Before this the area had been grazing land either side of the Silk Stream and the River Brent. The Silver Jubilee Park is now bordered on the south by the Brent Reservoir nature reserve. For a full history and description, see http://www.londongardensonline.org.uk/gardens–online–record.php?ID=BRE039
Late Bronze Age ‘cinerary urns of the Ashford type’ were found on the Kingsbury side of the Welsh Harp/Brent Reservoir around 1930 at grid reference NGR TQ218872 and, during lowering of the water level and strengthening of the banks of the reservoir in 1974, members of the Wembley Historical Society found a copper as of Constantius II who reigned from AD337-361. (The as is a coin worth a quarter sestertius).
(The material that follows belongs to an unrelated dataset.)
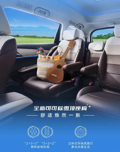 Song Max DM-i 2022 года будет доступен в 6- и 7-местной версиях. «Изюминкой» автомобиля стала модернизированная крыша, которая имеет явно выступающую конструкцию и выглядит как внешний багажный отсек. Все модели с «модернизированной крышей» 6-местные. За счёт этого высота может достигать 1880 мм, создавая больше пространства внутри.

The playing fields and the neighbouring Silver Jubilee Park run roughly parallel with the Edgware Road, bounded in the north by the east-west Kingsbury Road, close to where it joins the Edgware Road in Colindale. It is here that our friends the Romans enter the scene – much of the western border of Hendon being, since the time of the Medieval Parish of Hendon, formed by the line of the Roman Road from London to Verulamium and the Midlands, later named Watling Street in Saxon times and today called the Edgware Road, except in the area of West Hendon with part of the Welsh Harp and the Cool Oak area where there is a pronounced ‘bulge’ to the west away from the line of the road.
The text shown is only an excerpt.